The digital revolution offers an opportunity to unlock the potential of people considered to belong to cognitive minorities and help them better integrate into society. People with autism, a high IQ, hyperactivity, dyslexia and dyspraxia find it difficult to fit into society due, mainly, to general prejudices and their particular verbal communication difficulties. Nevertheless, although they may not have standard social skills, they are able to acquire highly technical skills. This could undoubtedly help many European companies bridge the technological gap, providing at the same time an opportunity for social integration.
At its January meeting, the EESC's TEN section hosted a roundtable on neurodiversity and digitalisation.
Hugo Horiot, author of the book Autisme, j'accuse! and autistic himself, set the tone of the debate and referred to the potential that the digital revolution holds for "unusually skilled" people. "Neurodiversity is a generic term covering all cognitive specificities of the human species, the so‑called neurofamily," he said. "There are many niche areas where certain highly technical skills are necessary but very hard to find, because the system rejects the cognitive group that provides those skills. An example is hacking. We need good hackers to counter cybersecurity issues. We see 18‑20‑year-olds who have excellent skills in this field, but at the same time have not managed to get a diploma or another official recognition. We need to encourage business and institutions to set other recruitment and evaluation methods than the standard models that are based on social skills."

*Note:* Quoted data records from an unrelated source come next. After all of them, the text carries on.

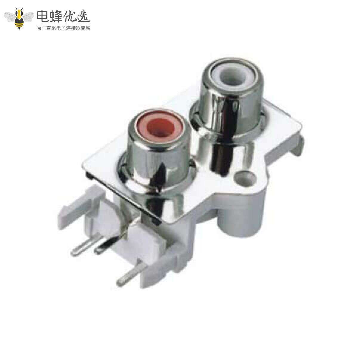 2RCA母转接头双口镀镍90度插座接板音频接头
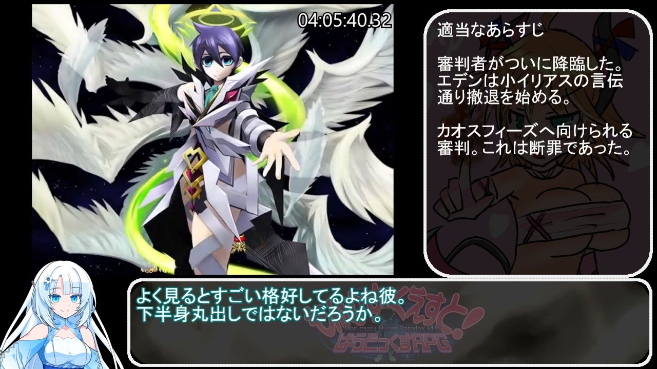 もんむす・くえすと!ぱらどっくすRPG終章 Ver3.04<br>コンバートなし<br><br>レギュ補足<br>難易度変更の禁止<br>ルーラールーラー使用禁止<br>システムデータは空っぽの状態で始める<br><br>前<a href="https://www.nicovideo.jp/watch/sm45586595" class="watch">sm45586595</a><br>次<a href="https://www.nicovideo.jp/watch/sm45664228" class="watch">sm45664228</a><br><br>区間<br>天界の破壊者終了 から 魔界の審判終了 まで<br><br>なんか興が乗ったからとしか言いようがない作業スピード出た<br><br><span style="color: #ff0000; font-size: 18px;">ご視聴の注意<br>もんぱらの深刻なネタバレがあります<br>ゲームプレイ後の視聴を推奨いたします</span><br><br><span style="color: #262626; font-size: 13px;">計測区間 NEWGAME選択から エンディングのタイトルロゴが表示された 瞬間まで</span><br><br><span style="color: #262626; font-size: 13px;">もんぱら用まいりすと<a href="https://www.nicovideo.jp/mylist/62081897" target="_blank" rel="noopener">mylist/62081897</a></span><br>BLACKSOULSⅡ<a href="https://www.nicovideo.jp/mylist/63878502" target="_blank" rel="noopener">mylist/63878502</a><br><span style="color: #262626; font-size: 13px;">BLACKSOULS </span><a href="https://www.nicovideo.jp/mylist/59887561" target="_blank" rel="noopener">mylist/59887561</a><br>その他<a href="https://www.nicovideo.jp/mylist/63112367" target="_blank" rel="noopener">mylist/63112367</a><br><br><br>実はもんぱらのdiscordサーバー作ってます。<br>なんか語りたい人がいたらどうぞ。<br><a href="https://discord.gg/MspJUkHYBn" target="_blank" rel="noopener nofollow">https://discord.gg/MspJUkHYBn</a><br><br><br>VOICEVOX:whitecul<br>
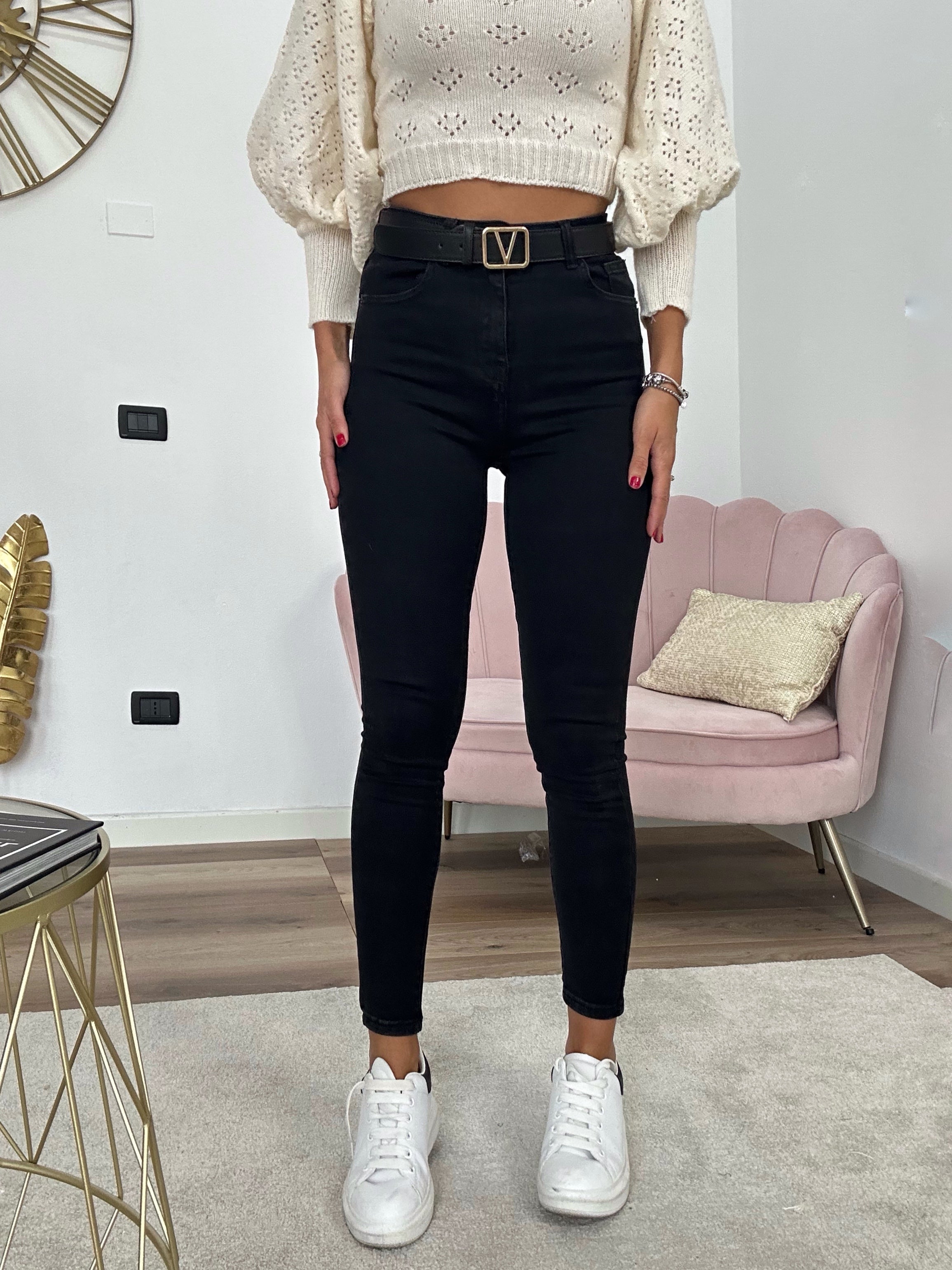 Jeans modello skinny, a vita alta, elasticizzato, veste regolare.
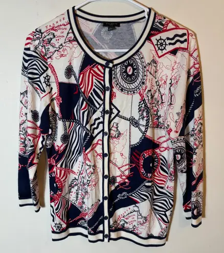Keywords: Talbots, Cardigan, Sweater, Nautical, Map Print, Petite, Womens, Medium Petite, MP, Red, Navy, Cream, Coastal, Maritime

The recognition that all human beings are complementary and able to contribute to our society in multiple ways is fundamental.
"We are all different to each other," declared the president of the TEN section, Pierre Jean Coulon. "However, there are differences that are considered to be acceptable because they do not bother and affect anyone and, on the other hand, there are differences that we do not accept, such is the case of neurodiversity," he continued.

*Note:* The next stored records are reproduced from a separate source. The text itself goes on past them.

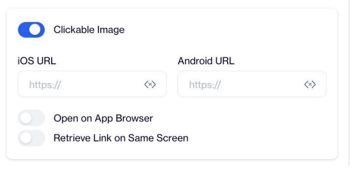 After enabling the Clickable Image toggle, additional configuration fields become visible. You can enter separate destination URLs for iOS and Android platforms. You can also choose whether the link opens in the app browser and whether the link should be retrieved on the same screen.
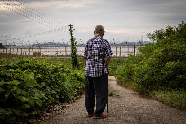 Ông Ahn bên ngoài nhà mình ở Gimpo, gần biên giới với Bắc Triều Tiên.
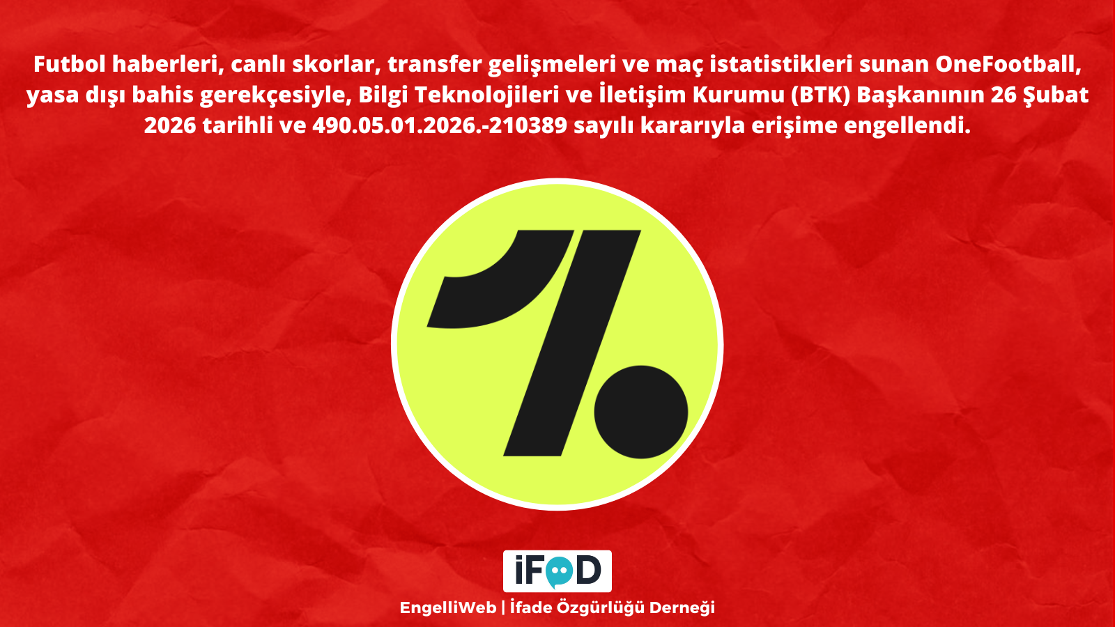 Futbol haberleri, canlı skorlar, transfer gelişmeleri ve maç istatistikleri sunan OneFootball, yasa dışı bahis gerekçesiyle, Bilgi Teknolojileri ve İletişim Kurumu (BTK) Başkanının 26 Şubat 2026 tarihli ve 490.05.01.2026.-210389 sayılı kararıyla erişime engellendi.
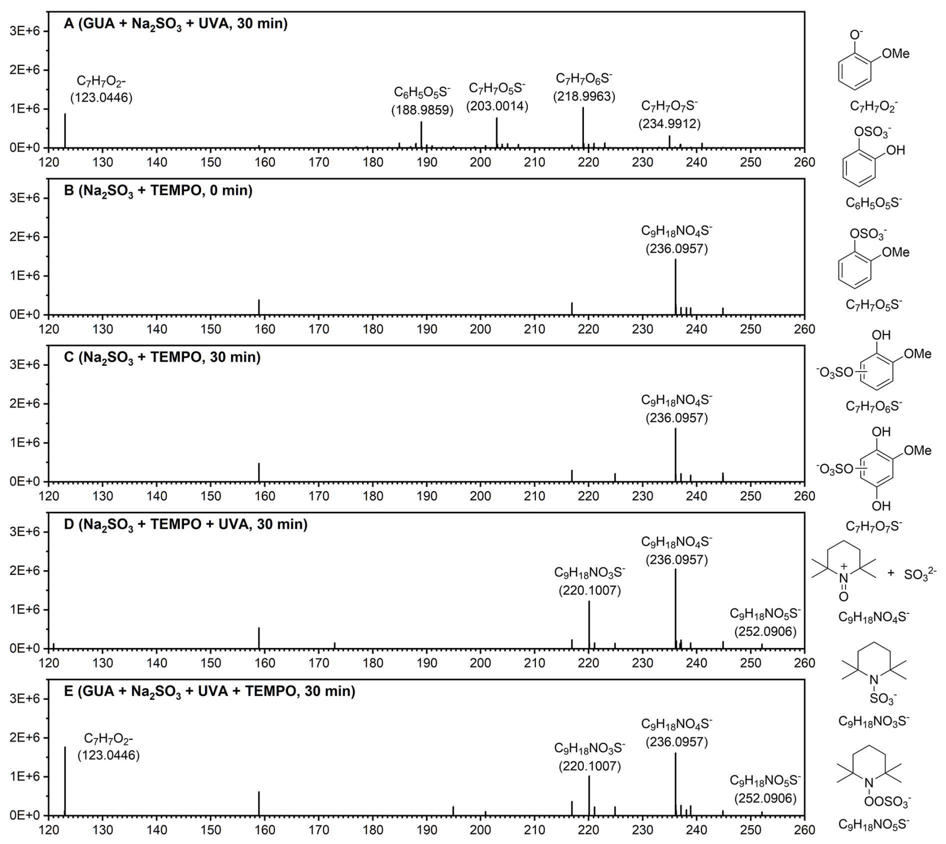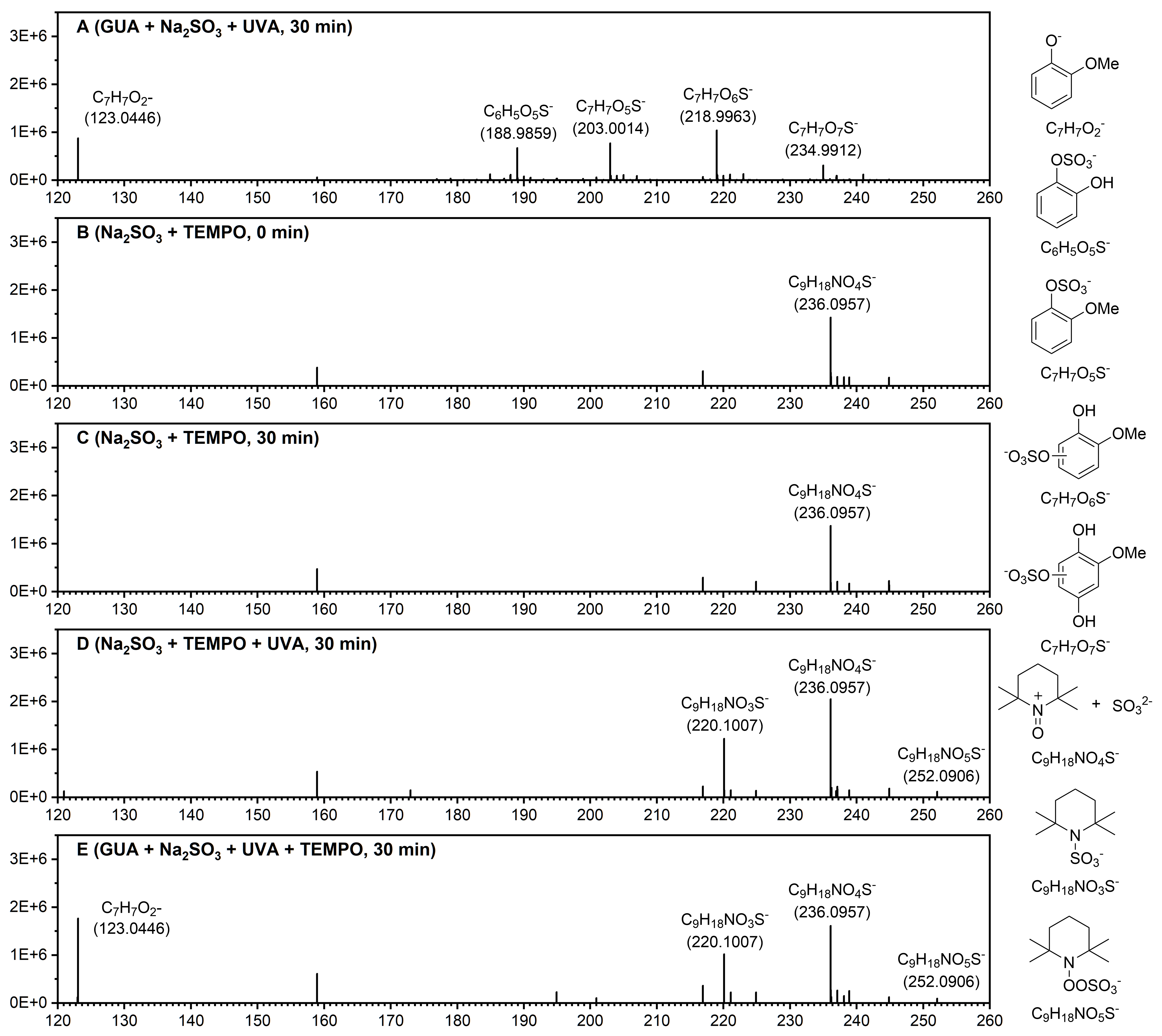 Figure 2High-resolution mass spectra of reaction products from: (a) GUA+Na2SO3 under after 30 min of 370 nm irradiation; (b) Na2SO3+TEMPO at 0 min; (c) Na2SO3+TEMPO after 30 min in the dark; (d) Na2SO3+TEMPO after 30 min of 370 nm irradiation; and (e) GUA+Na2SO3+TEMPO after 30 min of 370 nm irradiation. Experimental conditions: [guaiacol]=0.1 mM, [Na2SO3]=2.0 mM, [TEMPO]=4.0 mM, pH=4.0± 0.1, zero-air bubbling, and room temperature. Proposed chemical structures corresponding to the key mass spectral peaks are shown to the right of the spectra.

Awareness-raising is essential, otherwise there is no recognition and visibility for people belonging to these cognitive groups.
Ariane Rodert, president of the EESC's INT section, stressed that we must aim at a more inclusive society, with diverse forms of businesses and companies in the EU. "We are facing enormous societal challenges," she maintained. "It is crucial to pull together all resources in our society to make sure that we come up with the right solutions."
The very specialised skills that people belonging to atypical cognitive groups may develop are key in the field of artificial intelligence, where challenges are both social and ethical, but also very technical, highlighted Catelijne Muller, president of the EESC's Temporary Study Group on artificial intelligence. "It is my strong belief that people with disabilities are people with extraordinary abilities," she pointed out. "The skills gap is now one of the pressing issues we are facing and abilities like higher intelligence, stronger concentration and attention to detail, and greater resilience to working long hours without being distracted are all fundamental when it comes to artificial intelligence."
People must remain at the centre of digital development, added Ulrich Samm, president of the EESC's Permanent Study Group on the Digital Agenda, but we must assess how new technologies can help. "The idea of positive discrimination is something that we have to keep in mind," he said. "We need to capitalise on highly-skilled people and use new technologies to cater for what is missing."
It is important to bear in mind that, according to a number of estimations, approximately 65% of today's school pupils will be called upon to perform jobs that do not currently exist and that companies will find it increasingly difficult to find the skills they need in schools. Tapping into the potential of cognitive minorities would not only provide a vital contribution to our society, but would also represent an opportunity for social integration for people who have an intelligence that is different in nature. "A group in society that is deprived of any prospects would be offered the opportunity to contribute to our society in innovative ways," concluded Mr Horiot.